You’re Wrong About Your Audience
And they’re wrong about you, too.
I got an email today from one of my newsletter subscribers. This line jumped out at me:
“I’m always so pleasantly surprised when you answer me personally — I assume thousands of people read your blog.”
It got me thinking about assumptions.
The sender of that email is technically correct — I do have thousands of newsletter subscribers, but the tone of his comment shocked me.
His perception of my creation doesn’t match mine.
He thinks my newsletter is so big that he’s “pleasantly surprised” I took the time to respond to his email. He assumes, based on what he’s consumed of my creation, that I’m too big, too busy, too important, or too something to bother with him.
Or maybe his assumptions are more about him than me?
Maybe he assumes he doesn’t (or shouldn’t) matter to me? That his status, following, profession, or whatever doesn’t warrant a response?
Whatever the reasons, my actions didn’t match his assumption about our relationship.
The newsletter I write and he consumes created a relationship he didn’t fully understand.
And neither did I. Because his email caught me just as off-guard as my response to his did in the first place.

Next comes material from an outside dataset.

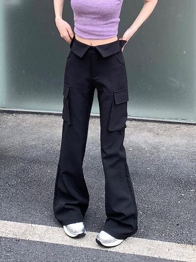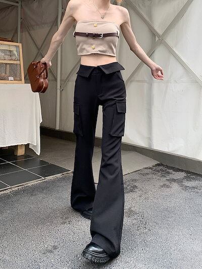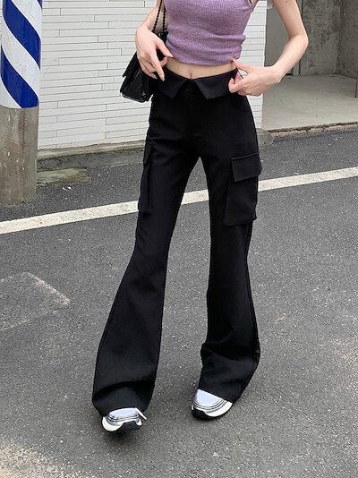 2024春夏パンツ ワイド ストレート ハイウエスト 脚長効果 美脚効果 細見え ポケット 春 黒 カジュアル おしゃれ かわいい 韓国ファッション レディース お出かけ
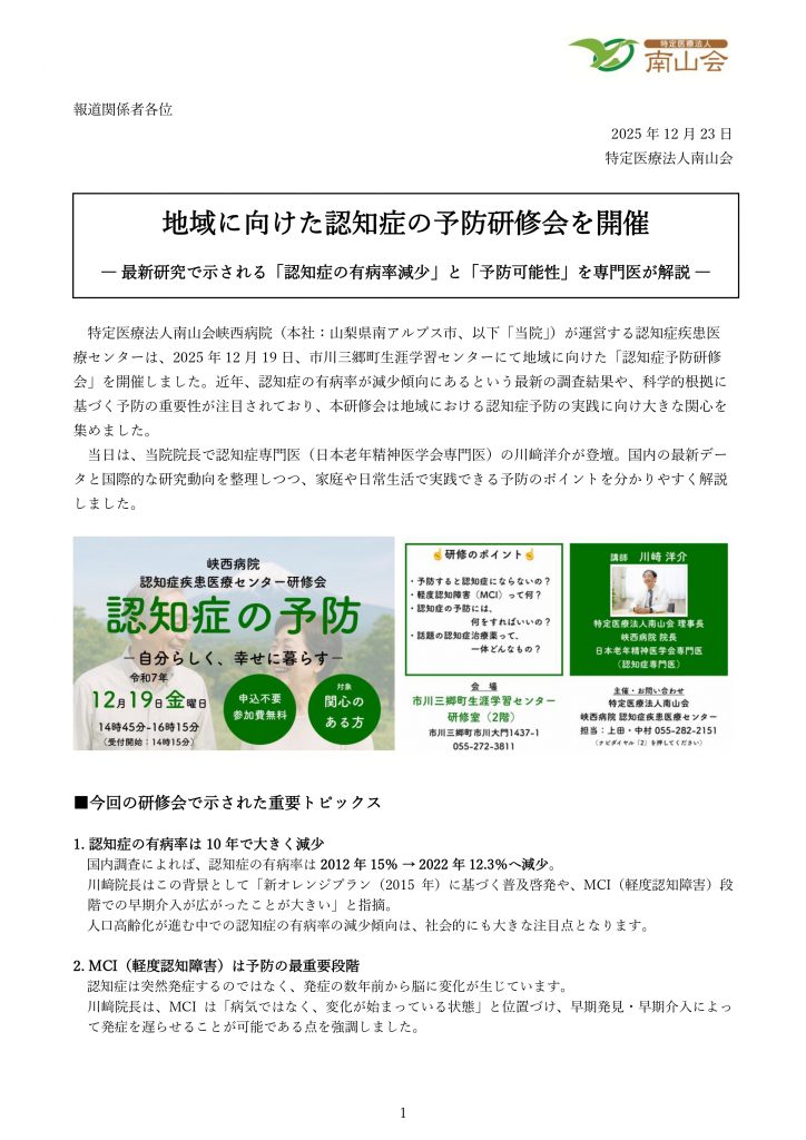 特定医療法人南山会 峡西病院 認知症疾患医療センターは、2025年12月19日に市川三郷町生涯学習センターにて、地域住民を対象とした「認知症予防研修会」を開催しました。近年の研究で、日本国内の認知症の有病率が減少傾向にあることや、MCI(軽度認知障害)段階での早期介入の重要性が注目されています。本研修会では、最新データを踏まえた予防のポイントや、日常生活で実践できる取り組みについて専門医が分かりやすく解説しました。

As the creator of the newsletter I know how many people subscribe, but there are no metrics that tell me how (or if) I impact them. I don’t know how many pay attention or if they care.
Stats about email opens and clicks only tell a partial story. Do people find what I do helpful? Do they connect with it? Enjoy it?
Does my work mean something to them?
I can’t fully know. So I make my own assumptions, just like my subscriber did.
I assume most people don’t feel that connected to it. I assume my audience is small (thousands of subscribers may feel big to some people, but it’s all a matter of perspective — I’m not sure any number will ever feel big to me).
Just like my subscriber assumed he didn’t matter to me, I assumed I didn’t matter to him.
That’s human nature, I guess. But, it turns out, it’s not true.
Just as he was pleasantly surprised to see my response to his email, I was touched to hear from him in the first place.
Having people tell you they value what you create is the most valuable metric.
Our simple email exchange changed our relationship. Or at least our assumptions about this relationship we’ve formed through my newsletter.
It also reminded me that one of the main reasons to create content is to instigate relationships. And often, the people on both sides of those relationships have incorrect assumptions about what’s happening.
What I create means more to my subscribers than I realize. And what they give to me means more than they realize.
Sometimes all it takes are a couple emails to recognize that.
NOTE: As I wrote this post I just got an email from another subscriber who said “I just wanted to take the time to thank you for your inspirational emails and info.”
Needless to say, I’ll reply to her as soon as I hit publish on this post.